Career highlights and awards
- Gold Glove Award (1972);

= Doug Griffin =

American baseball player (1947–2016)

Douglas Lee Griffin (June 4, 1947 – July 27, 2016) was an American professional baseball second baseman who played for the California Angels and Boston Red Sox of Major League Baseball (MLB).

==Early life==
Griffin played high school baseball at El Monte High School in California, graduating in 1965, where he achieved All-Pacific League, All-Valley, and All-California Interscholastic Federation honors. He also lettered in basketball, football and track.

==Professional career==
Griffin was drafted in the 21st round of the 1965 Major League Baseball draft by the California Angels, and played in their minor league organization until his call-up in 1970. After 18 games with the Angels, in which he hit .127 with four RBI in 62 games, he was traded to the Red Sox in a six-player trade that sent popular outfielder Tony Conigliaro to the Angels. Griffin was the Red Sox' regular second baseman from 1971 until mid-1975. He was not a particularly good hitter, posting modest batting averages with few walks and very little power, but instead he was an excellent fielder, winning a Gold Glove Award in 1972.
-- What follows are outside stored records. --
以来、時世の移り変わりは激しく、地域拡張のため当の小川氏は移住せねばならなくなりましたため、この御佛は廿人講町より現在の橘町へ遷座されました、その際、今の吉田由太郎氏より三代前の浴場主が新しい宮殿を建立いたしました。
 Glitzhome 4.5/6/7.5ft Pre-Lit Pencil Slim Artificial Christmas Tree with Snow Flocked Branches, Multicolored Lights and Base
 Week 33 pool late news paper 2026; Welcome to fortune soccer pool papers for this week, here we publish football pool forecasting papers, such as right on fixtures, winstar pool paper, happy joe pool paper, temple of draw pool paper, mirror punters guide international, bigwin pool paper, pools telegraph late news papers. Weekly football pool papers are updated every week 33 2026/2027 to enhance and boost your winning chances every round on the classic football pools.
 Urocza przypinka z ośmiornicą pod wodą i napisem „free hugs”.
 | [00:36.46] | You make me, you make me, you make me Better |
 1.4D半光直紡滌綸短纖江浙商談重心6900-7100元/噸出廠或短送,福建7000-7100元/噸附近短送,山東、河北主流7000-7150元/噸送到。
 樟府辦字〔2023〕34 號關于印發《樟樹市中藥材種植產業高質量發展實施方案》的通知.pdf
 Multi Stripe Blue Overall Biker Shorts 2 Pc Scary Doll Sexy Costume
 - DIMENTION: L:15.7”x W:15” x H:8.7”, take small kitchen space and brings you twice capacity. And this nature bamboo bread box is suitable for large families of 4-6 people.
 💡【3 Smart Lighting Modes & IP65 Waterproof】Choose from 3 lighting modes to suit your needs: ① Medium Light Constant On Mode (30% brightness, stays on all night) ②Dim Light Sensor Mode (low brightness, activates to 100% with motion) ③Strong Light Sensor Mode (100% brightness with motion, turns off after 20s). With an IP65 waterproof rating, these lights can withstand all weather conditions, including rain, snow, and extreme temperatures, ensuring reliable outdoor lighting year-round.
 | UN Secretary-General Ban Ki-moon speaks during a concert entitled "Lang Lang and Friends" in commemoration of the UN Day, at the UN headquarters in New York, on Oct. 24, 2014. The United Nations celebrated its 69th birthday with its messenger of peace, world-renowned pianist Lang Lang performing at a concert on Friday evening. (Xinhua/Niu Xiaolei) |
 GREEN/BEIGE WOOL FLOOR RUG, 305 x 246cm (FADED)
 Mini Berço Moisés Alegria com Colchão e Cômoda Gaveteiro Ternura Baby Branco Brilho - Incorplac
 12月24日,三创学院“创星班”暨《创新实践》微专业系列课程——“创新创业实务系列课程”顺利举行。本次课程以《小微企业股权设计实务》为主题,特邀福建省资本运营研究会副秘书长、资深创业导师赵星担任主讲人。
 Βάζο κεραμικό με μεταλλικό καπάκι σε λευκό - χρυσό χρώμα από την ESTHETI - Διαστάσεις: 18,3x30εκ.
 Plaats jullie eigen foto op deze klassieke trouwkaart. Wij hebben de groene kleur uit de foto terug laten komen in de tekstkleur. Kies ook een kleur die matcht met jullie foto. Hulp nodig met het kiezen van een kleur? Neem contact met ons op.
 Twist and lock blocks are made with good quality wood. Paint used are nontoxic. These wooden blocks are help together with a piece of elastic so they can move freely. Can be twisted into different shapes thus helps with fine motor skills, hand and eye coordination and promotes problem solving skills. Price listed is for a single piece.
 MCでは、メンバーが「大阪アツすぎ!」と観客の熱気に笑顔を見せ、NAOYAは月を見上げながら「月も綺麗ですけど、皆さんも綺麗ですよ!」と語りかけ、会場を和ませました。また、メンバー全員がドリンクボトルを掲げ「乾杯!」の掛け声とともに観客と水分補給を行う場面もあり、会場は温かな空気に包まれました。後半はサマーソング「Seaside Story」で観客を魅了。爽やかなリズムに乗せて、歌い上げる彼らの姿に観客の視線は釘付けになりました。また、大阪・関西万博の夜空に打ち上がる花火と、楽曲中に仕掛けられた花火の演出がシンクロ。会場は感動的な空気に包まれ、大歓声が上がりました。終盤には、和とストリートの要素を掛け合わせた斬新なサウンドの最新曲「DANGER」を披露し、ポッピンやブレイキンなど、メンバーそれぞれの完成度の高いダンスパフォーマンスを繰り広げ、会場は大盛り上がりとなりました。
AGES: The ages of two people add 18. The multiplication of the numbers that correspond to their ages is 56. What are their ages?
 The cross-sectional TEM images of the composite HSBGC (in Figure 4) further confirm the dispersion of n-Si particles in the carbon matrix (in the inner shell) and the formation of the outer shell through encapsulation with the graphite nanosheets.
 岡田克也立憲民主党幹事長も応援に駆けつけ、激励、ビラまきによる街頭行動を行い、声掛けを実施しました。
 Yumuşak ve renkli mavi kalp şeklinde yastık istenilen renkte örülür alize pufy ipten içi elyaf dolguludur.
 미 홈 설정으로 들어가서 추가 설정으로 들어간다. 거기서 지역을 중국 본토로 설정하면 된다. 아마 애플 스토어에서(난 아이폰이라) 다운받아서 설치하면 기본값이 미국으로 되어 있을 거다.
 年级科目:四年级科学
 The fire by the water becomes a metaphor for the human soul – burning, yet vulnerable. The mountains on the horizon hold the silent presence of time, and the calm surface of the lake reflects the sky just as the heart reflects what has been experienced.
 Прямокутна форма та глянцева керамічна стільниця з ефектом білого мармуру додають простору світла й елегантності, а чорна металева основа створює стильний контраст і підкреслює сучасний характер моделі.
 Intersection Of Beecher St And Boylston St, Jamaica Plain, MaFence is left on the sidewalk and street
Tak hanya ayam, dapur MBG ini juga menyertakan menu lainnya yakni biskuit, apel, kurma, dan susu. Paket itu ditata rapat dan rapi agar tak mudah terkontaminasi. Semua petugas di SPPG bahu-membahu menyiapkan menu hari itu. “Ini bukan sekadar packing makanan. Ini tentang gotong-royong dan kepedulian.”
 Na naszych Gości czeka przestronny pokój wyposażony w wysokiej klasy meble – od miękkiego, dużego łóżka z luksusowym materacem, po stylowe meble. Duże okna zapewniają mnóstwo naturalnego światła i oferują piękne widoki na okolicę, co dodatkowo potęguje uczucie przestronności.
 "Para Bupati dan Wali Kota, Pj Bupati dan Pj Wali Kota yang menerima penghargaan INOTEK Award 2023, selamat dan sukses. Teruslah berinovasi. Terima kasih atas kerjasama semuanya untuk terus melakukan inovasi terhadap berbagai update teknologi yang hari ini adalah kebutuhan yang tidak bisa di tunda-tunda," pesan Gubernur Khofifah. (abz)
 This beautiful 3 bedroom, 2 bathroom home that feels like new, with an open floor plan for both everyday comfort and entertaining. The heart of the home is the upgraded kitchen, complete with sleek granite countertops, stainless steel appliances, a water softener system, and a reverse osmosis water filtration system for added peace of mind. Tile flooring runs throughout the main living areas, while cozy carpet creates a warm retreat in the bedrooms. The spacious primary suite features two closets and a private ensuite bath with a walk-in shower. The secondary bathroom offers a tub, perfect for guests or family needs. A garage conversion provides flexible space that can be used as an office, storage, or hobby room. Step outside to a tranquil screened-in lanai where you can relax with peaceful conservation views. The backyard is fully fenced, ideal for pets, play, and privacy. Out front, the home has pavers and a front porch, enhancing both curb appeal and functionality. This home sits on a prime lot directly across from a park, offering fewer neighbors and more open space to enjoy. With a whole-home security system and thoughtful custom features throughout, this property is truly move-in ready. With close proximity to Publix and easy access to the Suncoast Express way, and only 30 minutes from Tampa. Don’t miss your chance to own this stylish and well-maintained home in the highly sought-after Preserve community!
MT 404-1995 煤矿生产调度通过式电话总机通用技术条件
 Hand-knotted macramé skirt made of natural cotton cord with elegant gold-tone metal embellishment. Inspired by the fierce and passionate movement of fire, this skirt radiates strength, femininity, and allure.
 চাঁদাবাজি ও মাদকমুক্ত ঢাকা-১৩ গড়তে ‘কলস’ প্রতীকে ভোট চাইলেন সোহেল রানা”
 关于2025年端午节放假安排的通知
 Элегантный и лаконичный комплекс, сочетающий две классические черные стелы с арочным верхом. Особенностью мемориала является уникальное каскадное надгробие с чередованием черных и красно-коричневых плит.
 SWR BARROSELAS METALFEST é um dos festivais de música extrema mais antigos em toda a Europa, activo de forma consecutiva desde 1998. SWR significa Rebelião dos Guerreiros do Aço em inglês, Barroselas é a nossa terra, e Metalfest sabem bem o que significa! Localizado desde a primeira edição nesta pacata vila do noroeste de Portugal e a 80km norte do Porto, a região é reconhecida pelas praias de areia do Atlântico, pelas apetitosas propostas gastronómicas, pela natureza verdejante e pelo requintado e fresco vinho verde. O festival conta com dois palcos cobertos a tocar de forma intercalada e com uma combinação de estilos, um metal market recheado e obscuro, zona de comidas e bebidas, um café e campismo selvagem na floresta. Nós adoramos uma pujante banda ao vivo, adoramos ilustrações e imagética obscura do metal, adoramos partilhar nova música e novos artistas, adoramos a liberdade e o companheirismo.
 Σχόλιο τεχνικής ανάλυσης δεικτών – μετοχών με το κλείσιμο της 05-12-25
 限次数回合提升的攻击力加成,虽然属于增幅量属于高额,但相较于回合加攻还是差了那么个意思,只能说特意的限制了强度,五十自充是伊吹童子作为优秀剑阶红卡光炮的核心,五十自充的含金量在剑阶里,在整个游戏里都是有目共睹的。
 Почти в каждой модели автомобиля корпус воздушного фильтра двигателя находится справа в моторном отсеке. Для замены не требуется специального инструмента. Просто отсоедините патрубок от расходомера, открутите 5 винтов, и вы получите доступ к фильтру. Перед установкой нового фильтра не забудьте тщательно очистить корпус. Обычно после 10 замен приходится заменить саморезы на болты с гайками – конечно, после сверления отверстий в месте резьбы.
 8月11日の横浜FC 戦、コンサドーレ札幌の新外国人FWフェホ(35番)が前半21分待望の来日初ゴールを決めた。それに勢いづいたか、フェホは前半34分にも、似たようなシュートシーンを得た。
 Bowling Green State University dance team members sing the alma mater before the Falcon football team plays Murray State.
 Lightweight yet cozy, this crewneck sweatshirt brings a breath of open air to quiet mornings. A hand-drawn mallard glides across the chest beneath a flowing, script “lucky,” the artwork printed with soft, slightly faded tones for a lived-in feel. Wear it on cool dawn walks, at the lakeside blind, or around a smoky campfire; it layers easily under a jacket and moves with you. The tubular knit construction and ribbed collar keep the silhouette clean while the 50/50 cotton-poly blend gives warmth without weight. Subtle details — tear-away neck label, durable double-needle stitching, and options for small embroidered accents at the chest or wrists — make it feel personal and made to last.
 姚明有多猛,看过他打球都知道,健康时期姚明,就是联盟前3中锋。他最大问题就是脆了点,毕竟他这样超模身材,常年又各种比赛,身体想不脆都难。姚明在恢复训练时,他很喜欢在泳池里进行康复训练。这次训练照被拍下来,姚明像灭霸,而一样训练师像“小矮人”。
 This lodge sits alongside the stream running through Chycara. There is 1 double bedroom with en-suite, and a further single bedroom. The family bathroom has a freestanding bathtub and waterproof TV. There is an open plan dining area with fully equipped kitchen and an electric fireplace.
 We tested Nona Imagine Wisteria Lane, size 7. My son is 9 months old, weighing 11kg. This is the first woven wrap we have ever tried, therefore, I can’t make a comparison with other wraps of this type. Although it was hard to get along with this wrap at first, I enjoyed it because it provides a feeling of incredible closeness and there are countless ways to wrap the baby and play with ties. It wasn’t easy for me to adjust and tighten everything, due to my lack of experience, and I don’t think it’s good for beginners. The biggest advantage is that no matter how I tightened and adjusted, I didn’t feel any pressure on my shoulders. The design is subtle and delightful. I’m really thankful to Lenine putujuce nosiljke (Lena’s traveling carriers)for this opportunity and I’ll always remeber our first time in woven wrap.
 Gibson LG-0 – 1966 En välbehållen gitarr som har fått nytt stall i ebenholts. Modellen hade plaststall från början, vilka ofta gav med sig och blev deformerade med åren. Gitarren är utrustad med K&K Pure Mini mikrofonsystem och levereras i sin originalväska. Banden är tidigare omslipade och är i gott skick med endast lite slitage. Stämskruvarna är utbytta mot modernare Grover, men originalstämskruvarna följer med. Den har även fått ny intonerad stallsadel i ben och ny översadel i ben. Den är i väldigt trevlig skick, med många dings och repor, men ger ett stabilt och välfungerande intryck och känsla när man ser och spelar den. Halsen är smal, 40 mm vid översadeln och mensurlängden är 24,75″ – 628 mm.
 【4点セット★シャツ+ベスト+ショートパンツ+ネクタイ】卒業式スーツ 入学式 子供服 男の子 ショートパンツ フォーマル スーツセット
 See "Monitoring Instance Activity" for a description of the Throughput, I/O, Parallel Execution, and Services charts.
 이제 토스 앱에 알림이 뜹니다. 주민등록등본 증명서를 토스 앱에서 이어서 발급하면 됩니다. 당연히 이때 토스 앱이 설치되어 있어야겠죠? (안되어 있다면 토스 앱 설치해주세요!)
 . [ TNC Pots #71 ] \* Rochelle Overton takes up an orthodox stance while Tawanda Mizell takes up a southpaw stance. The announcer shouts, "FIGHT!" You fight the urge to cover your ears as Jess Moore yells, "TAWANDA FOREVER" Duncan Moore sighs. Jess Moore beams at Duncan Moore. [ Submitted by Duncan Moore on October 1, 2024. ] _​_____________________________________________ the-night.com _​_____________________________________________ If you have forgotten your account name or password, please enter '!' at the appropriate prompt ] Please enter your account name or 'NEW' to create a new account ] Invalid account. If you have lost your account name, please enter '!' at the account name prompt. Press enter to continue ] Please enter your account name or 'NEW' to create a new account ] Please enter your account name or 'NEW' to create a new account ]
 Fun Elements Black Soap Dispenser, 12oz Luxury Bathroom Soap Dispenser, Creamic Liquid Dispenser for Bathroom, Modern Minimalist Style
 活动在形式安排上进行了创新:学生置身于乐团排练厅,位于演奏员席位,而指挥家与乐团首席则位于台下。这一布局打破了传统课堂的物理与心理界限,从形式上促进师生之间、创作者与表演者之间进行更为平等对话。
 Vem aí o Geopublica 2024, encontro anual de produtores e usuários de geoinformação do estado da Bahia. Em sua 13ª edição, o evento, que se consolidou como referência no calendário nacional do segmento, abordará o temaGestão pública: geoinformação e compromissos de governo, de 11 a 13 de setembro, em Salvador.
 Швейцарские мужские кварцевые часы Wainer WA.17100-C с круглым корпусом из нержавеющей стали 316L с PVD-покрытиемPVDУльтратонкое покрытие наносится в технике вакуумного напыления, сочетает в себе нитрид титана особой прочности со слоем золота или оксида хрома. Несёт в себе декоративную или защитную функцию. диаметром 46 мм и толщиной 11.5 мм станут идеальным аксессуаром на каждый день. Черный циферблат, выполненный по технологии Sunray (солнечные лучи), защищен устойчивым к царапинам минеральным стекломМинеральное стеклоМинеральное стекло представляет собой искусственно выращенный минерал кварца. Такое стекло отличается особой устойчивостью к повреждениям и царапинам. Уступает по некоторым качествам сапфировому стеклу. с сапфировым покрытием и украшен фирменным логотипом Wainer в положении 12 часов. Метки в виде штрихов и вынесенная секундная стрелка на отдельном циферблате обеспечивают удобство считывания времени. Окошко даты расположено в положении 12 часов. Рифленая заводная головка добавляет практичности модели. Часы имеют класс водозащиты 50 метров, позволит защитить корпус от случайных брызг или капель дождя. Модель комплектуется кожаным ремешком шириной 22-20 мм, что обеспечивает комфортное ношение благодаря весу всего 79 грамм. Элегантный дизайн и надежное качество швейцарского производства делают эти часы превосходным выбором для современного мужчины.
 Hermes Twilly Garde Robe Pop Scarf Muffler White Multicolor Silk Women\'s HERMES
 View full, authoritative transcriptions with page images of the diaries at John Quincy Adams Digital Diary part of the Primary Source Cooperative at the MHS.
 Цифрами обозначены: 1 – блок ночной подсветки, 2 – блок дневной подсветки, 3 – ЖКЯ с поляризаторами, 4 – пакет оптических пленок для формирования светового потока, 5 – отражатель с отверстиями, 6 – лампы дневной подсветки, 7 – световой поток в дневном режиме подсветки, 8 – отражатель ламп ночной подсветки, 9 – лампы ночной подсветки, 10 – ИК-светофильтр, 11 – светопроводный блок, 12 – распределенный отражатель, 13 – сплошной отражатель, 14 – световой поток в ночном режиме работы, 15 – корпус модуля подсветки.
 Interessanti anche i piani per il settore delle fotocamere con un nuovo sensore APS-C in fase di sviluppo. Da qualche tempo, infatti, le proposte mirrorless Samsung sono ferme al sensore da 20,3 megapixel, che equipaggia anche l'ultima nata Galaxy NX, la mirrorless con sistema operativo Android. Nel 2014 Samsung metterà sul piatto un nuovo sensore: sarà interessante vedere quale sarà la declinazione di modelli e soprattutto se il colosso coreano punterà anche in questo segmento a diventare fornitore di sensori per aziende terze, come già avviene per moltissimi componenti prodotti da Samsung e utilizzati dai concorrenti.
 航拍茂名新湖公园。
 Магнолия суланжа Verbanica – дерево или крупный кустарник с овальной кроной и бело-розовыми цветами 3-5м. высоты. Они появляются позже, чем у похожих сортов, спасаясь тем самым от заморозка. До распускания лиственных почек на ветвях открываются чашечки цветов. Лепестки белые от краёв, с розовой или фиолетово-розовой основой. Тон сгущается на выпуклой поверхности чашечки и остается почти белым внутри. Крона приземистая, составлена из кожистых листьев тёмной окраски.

In June 1975, the Red Sox acquired veteran second baseman Denny Doyle from the Angels, and for the rest of the season, the left-handed-hitting Doyle was the Red Sox's primary second baseman, with the right-handed-hitting Griffin starting only against left-handed pitchers. Griffin did not appear in the American League Championship Series against the Oakland Athletics, and made only one brief appearance in the World Series against the Cincinnati Reds.

Griffin suffered numerous injuries during his professional career. On April 30, 1974, Griffin was beaned by a Nolan Ryan fastball, knocking him unconscious. The beaning left him with a concussion and temporary hearing loss. On August 30, 1975, he was beaned again, this time by Oakland's Dick Bosman. Griffin experienced hearing and equilibrium problems, but recovered very quickly. This time he had been wearing an ear flap with his protective helmet. Griffin played only sparingly in 1976, and was released after playing in only five games in 1977.

==Later life==
After baseball, Griffin worked in construction. First with his father in the 1970s, and later for Buddy LeRoux in the 1980s.

On July 27, 2016, Griffin died after a long illness.